There is irrefutable evidence from Barents and Chukchi Sea subpopulations, among others, that polar bears are fat and reproducing well despite marked declines in summer sea ice over the last two decades. These indicators of physical and reproductive health, in any species, are signs of thriving populations. However, these facts negate the premise that polar bears require abundant summer sea ice to flourish, and that creates a problem for polar bear specialists who continue to make that claim (Amstrup et al. 2007; Crockford 2017, 2019).

Enormously fat Chukchi Sea polar bear, USFWS.

In other words, the assessment that polar bears are currently thriving is not based solely on estimates of a slight increase in global population size but on published data gathered from field studies on the bears’ physical and reproductive health.

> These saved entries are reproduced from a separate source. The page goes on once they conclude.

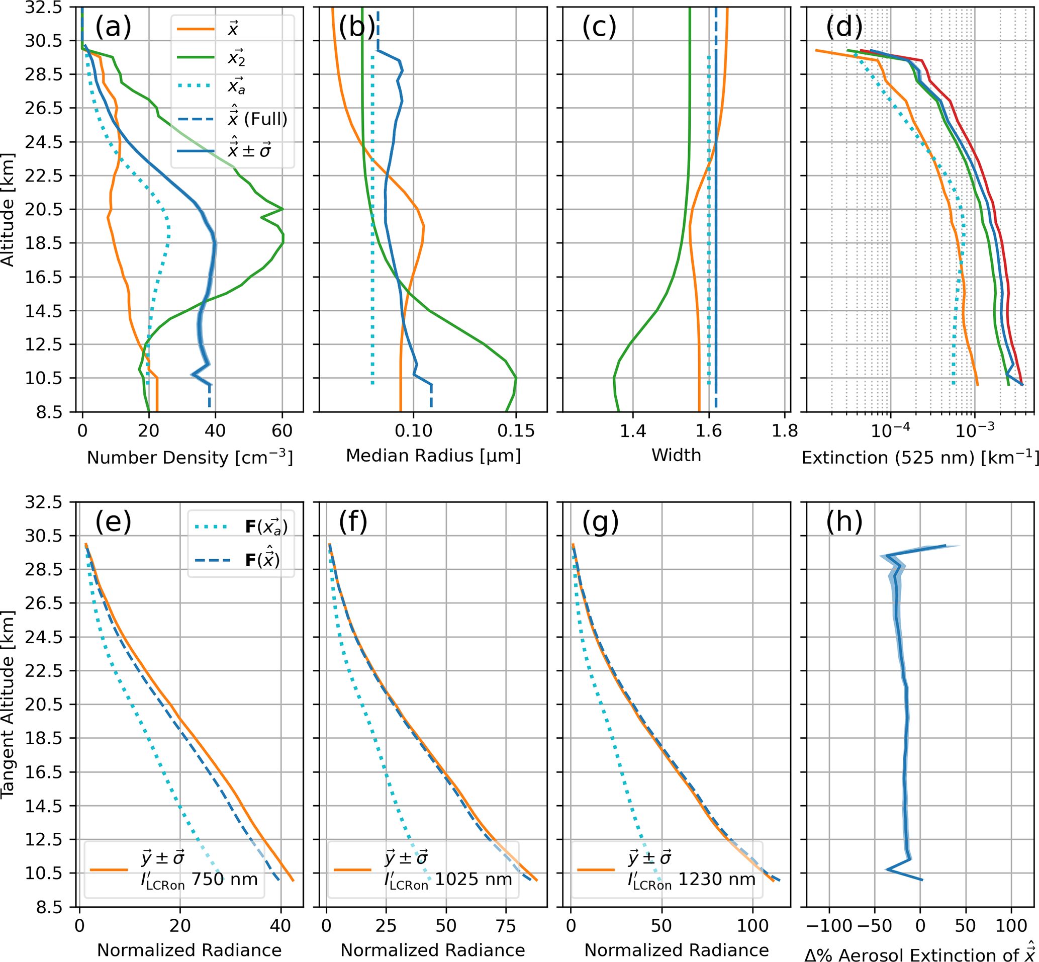 In this section we discuss the performance of the ALI aerosol retrievals in simulation against known true-state aerosol. We would again like to emphasize that in the context of the present work, the algorithmic criterion we set is to retrieve an altitude-resolved unimodal log-normal aerosol population, where both the altitudinal number density and median radius are retrieved along side a scalar width. To begin, we define the state vector of the aerosol retrieval to be the vertically resolved number density N (units of cm−3) and median radius r (units of µm) of a unimodal log-normal aerosol profile. Unless explicitly noted otherwise, the width w of this log-normal distribution is also retrieved, but only as a single scalar value which is applied to all altitudes. In prototyping, an effort was made to retrieve a vertically resolved width profile along with the number density and median radius. However, we found that while the true-state aerosol extinction was well retrieved, there is simply too much freedom in the state solution space to arrive at any viably robust solution of the state properties themselves from ALI measurements. This is an unsurprising conclusion given other similar efforts (Rieger et al., 2014; Malinina et al., 2018). Therefore, we limit our retrieval state vector x to just the properties of N, r, and (scalar) w as
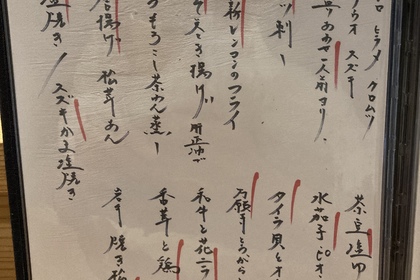 その日仕入れた食材による日替わりアラカルトメニューです
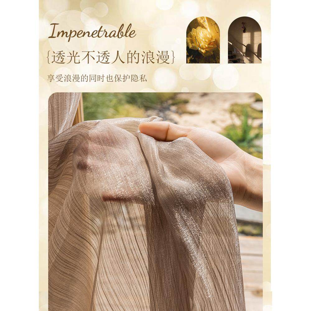 淘法式流金纱帘透光半透人窗纱飘窗帘阳台高级轻奢鎏金纱客厅梦幻帘
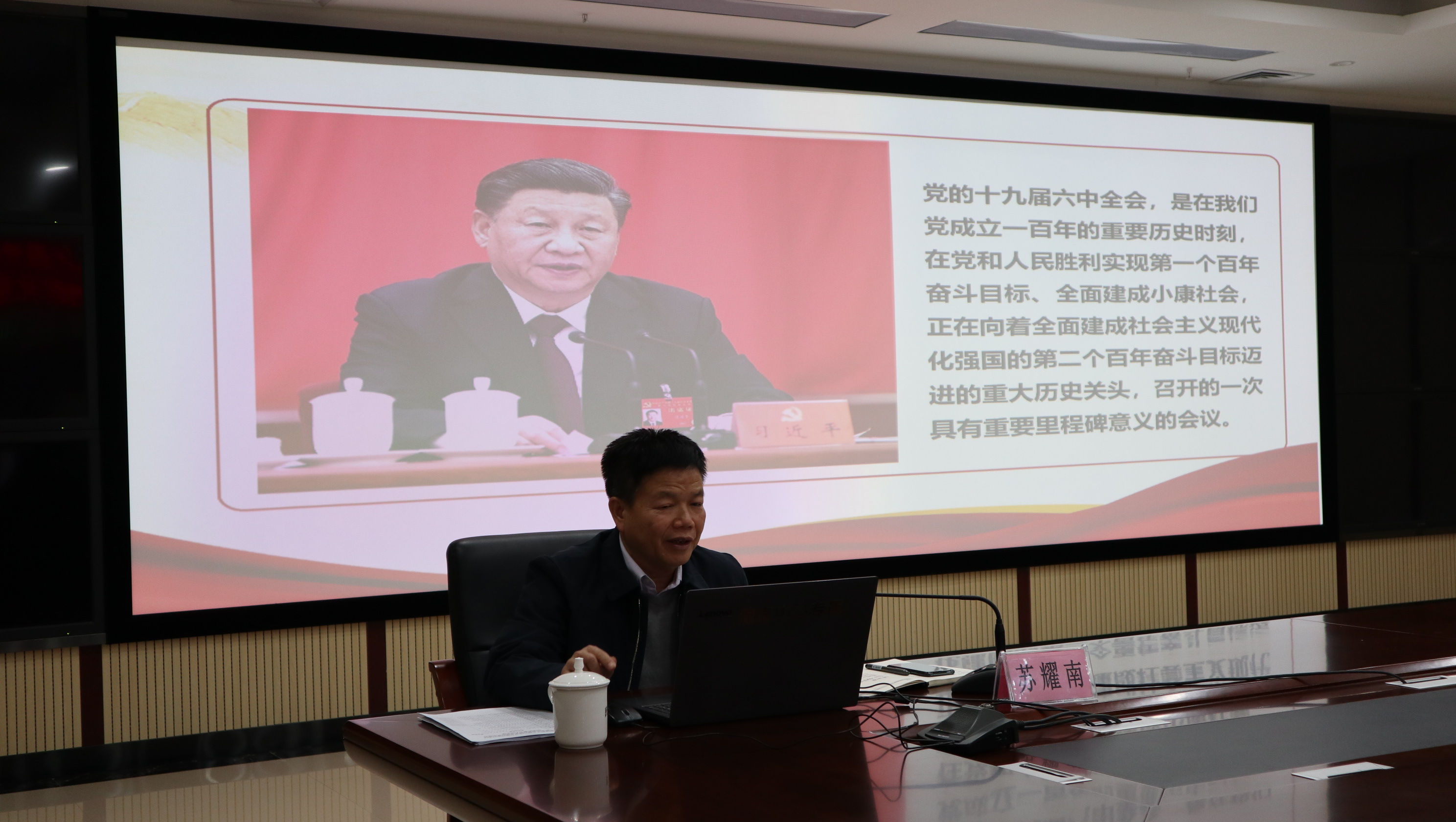 苏耀南围绕“会议的基本情况”“四个历史时期和四个历史飞跃”“马克思主义中国化的三次飞跃”“深刻认识总结党的百年奋斗重大成就和历史经验的重大意义”“两个确立”“深刻认识中国特色社会主义新时代的历史性成就和历史性变革”“牢记一个根本问题”“一个号召”等方面,系统讲解了党的十九届六中全会召开的重大意义和深远影响,全面阐述了全会取得的重大成果、作出的重大部署,并对自治区第十二次党代会精神以及自治区党委书记刘宁所作的报告进行了阐释。
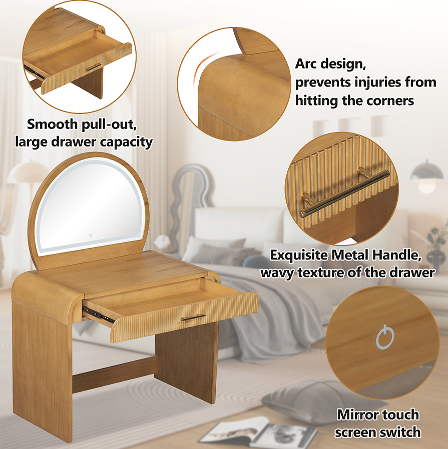 Modern Vanity Table with Touch Screen Lighted Mirror MDF Panel Dressing Table with Drawer for Bedroom Hotel & Living Room
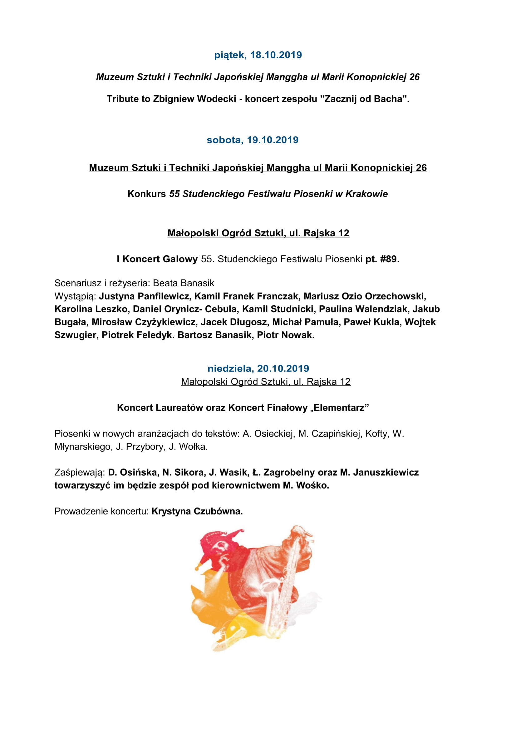 Jubileuszowy, 55. Studencki Festiwal Piosenki w Krakowie to połączenie znakomitej tradycji i ogólnopolskiej renomy artystycznej z ideą promowania nowoczesnej, posiadającej wysokie walory artystyczne polskiej twórczości wykonawców-debiutantów. Od 1962 roku, Studencki Festiwal Piosenki jest jednym z najważniejszych festiwali piosenki artystycznej i zaangażowanej na terenie całego kraju.
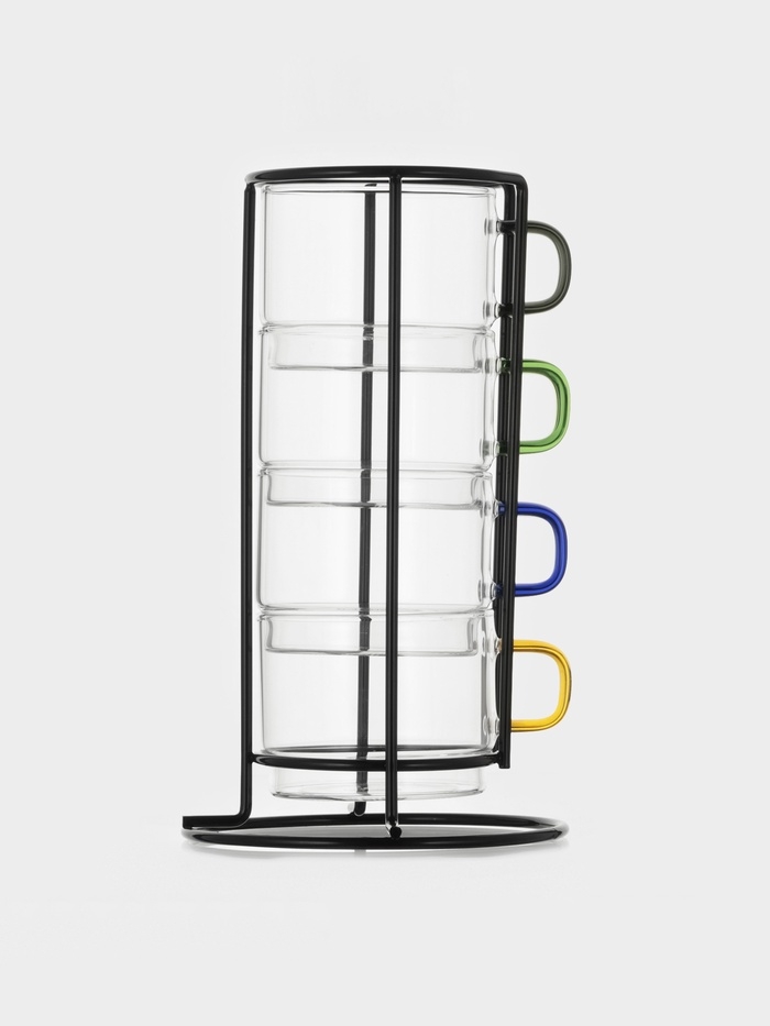 Набор стеклянных кружек на металлической подставке "Квартет", 4 шт, 250 мл
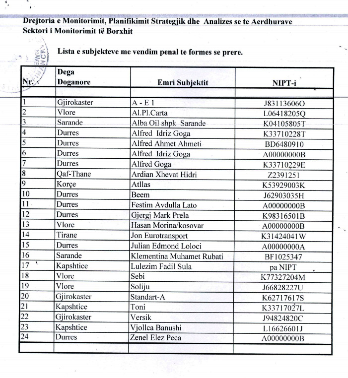 Në një shkresë të firmosur nga zëvendësdrejtori i Përgjithshëm i Doganave Arben Seferi në datë 30 gusht 2017 jepen edhe 24 bizneset që janë të dënuar me një vendim të formës së prerë dhe që duhet të kihen parasysh nga Degët Doganore, drejtoria e Hetimit si dhe Drejtoria e Teknologjisë së Informacionit gjatë kryerjes së procedurave në zbatim të ligjit 33/2017 “Për pagesën/fshirjen/ shuarjen e detyrimeve tatimore detyrimeve të pagueshme në doganë si dhe procedurës së heqjes nga qarkullimi të mjeteve të transportit pas fshirjes/shuarjes së detyrimeve tatimore”.
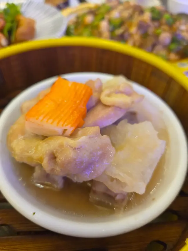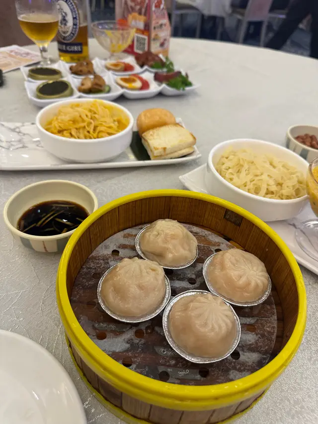今天一行四人來到石門的酒樓午餐。這裏的食客很多,座位充足,環境光猛,確實不錯。打開餐牌,原來食物的選擇也很多,其中也不乏特價點心。~韭皇鮮蝦腸($12.8)這個價錢吃到鮮蝦腸粉真是意想不到,二話不說,我便點了兩碟。雖然腸粉內的蝦仁份量不多,但幸好腸粉入口糯軟,豉油又足夠。~香菇腩片飯 ($8.8)又一超值特價盅飯,最愛是那粒粒分明的白飯。薄薄腩片肥瘦分明,但有點乾;幸好有小菇粒增潤。~點心孖寶 (32.8)*北菇棉花雞不錯的一個點心。*五榖粗糧糕入口軟糯,紅豆味濃,好吃!~點心組合 ($39.8)*蟹籽燒賣皇充實的一個點心。*櫻花蝦煎薄煎得有點乾,櫻花蝦份量不多,食味一般。這酒樓的點心售價實惠,食味也不錯,怪不得不乏捧塲客。…查看更多
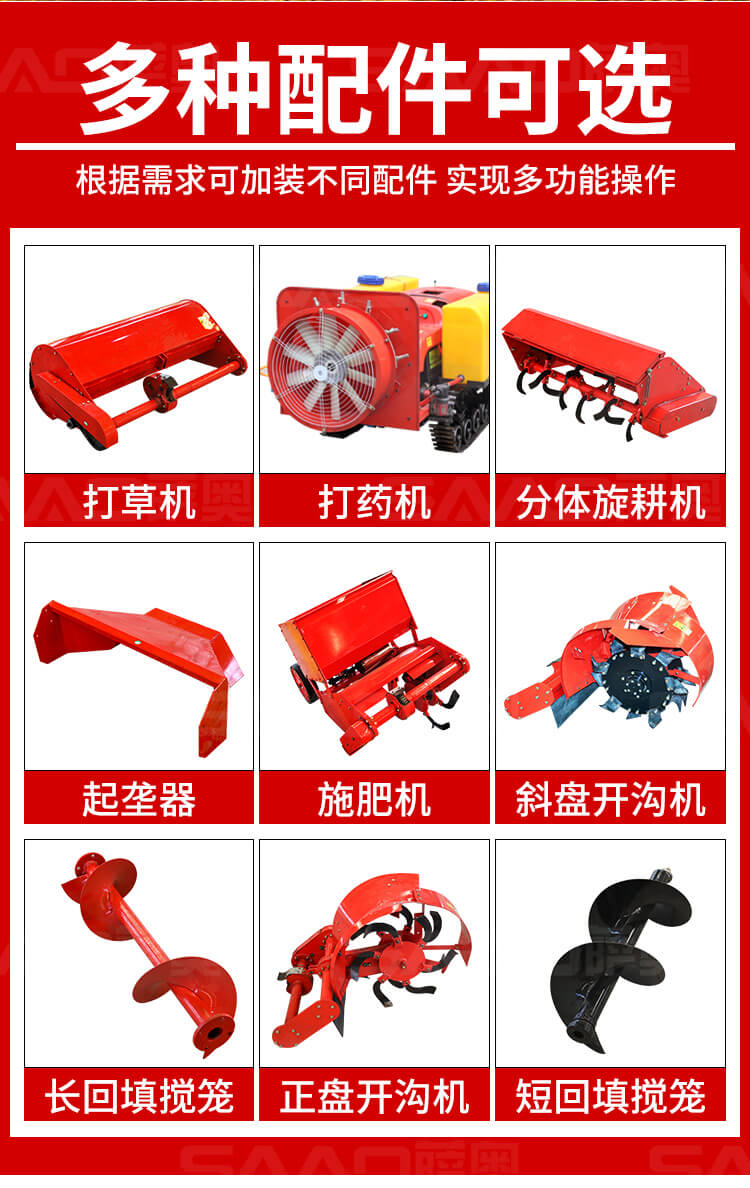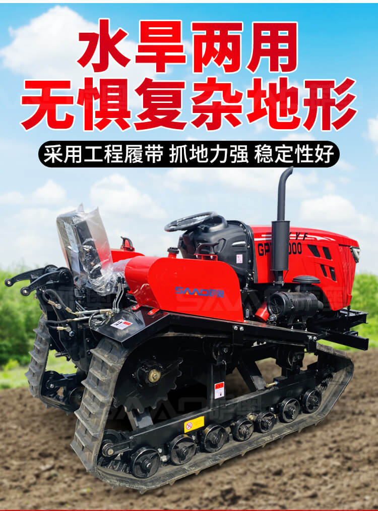 履帶旋耕機(jī)本機(jī)能完成耕、耙作業(yè),具有碎土能力強(qiáng)、耕后地表平坦等特點(diǎn)。
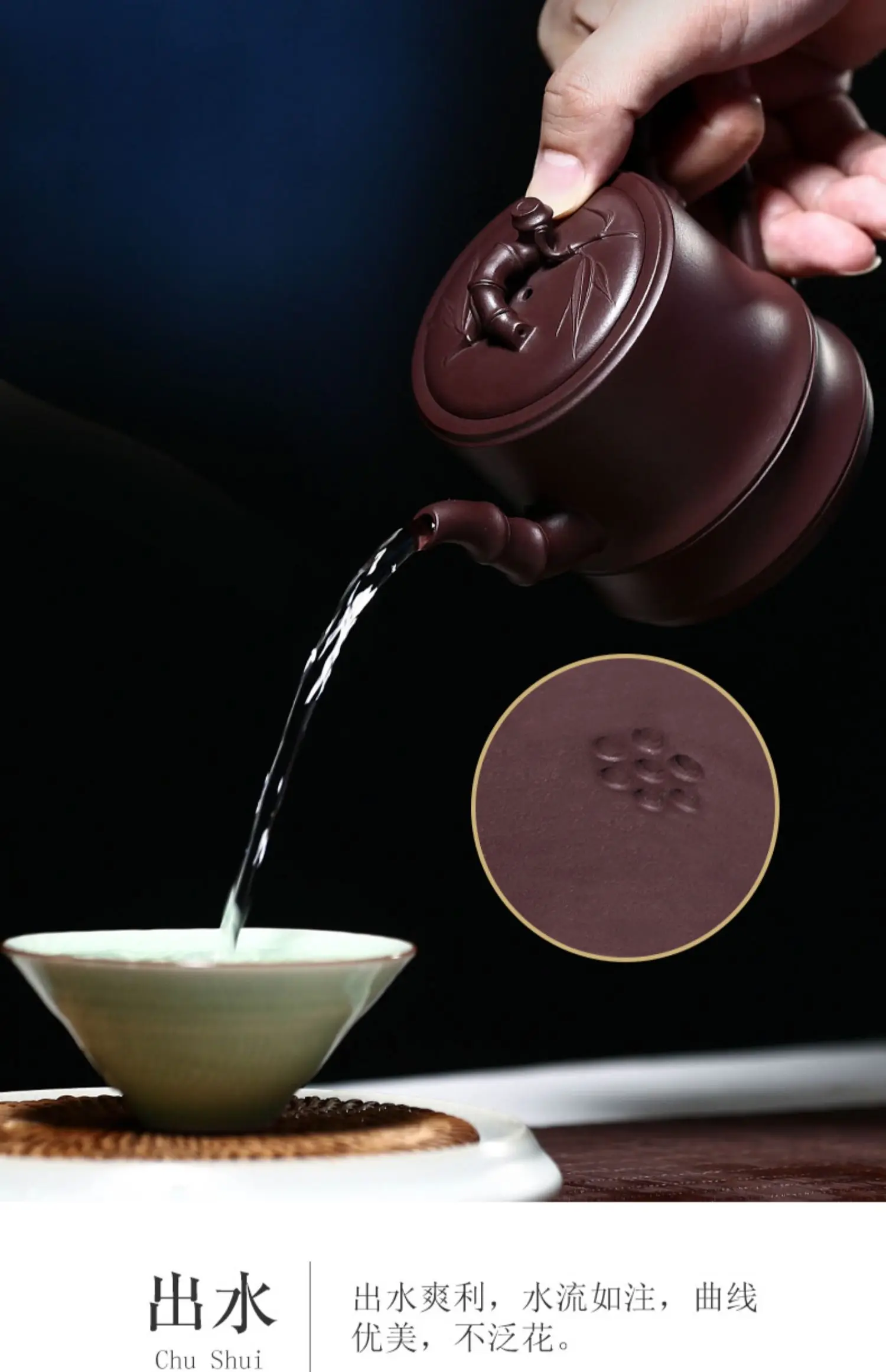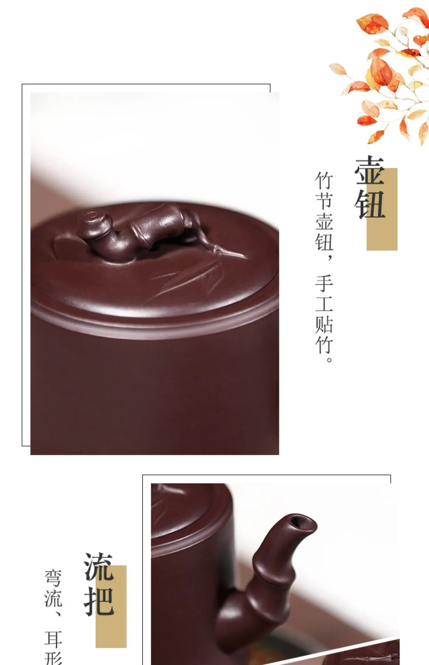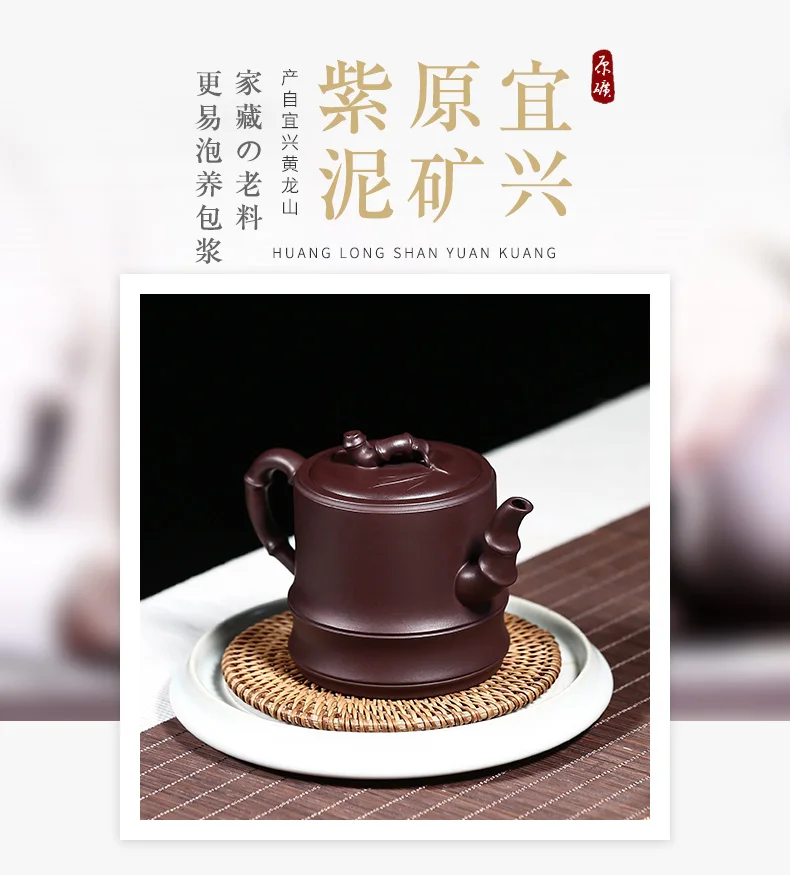 |True art yixing recommended pure manual teapot carved painting famous tea bamboo pot of ores in the mud

Oddly, biologists repeatedly turn to data from Western Hudson Bay to drive home to the public their preferred message that polar bear health and abundance are being negatively affected by recent summer sea ice declines. However, they fail to mention that robust field data from many other regions, including the Barents and Chukchi Seas, support the opposite conclusion. Moreover, wherever possible, they mumble under their breath (or leave out entirely) the fact that poor ice conditions could not be blamed for a 27% decline in polar bear numbers in Western Hudson Bay since 2016 — because their own data showed sea ice conditions had been strong!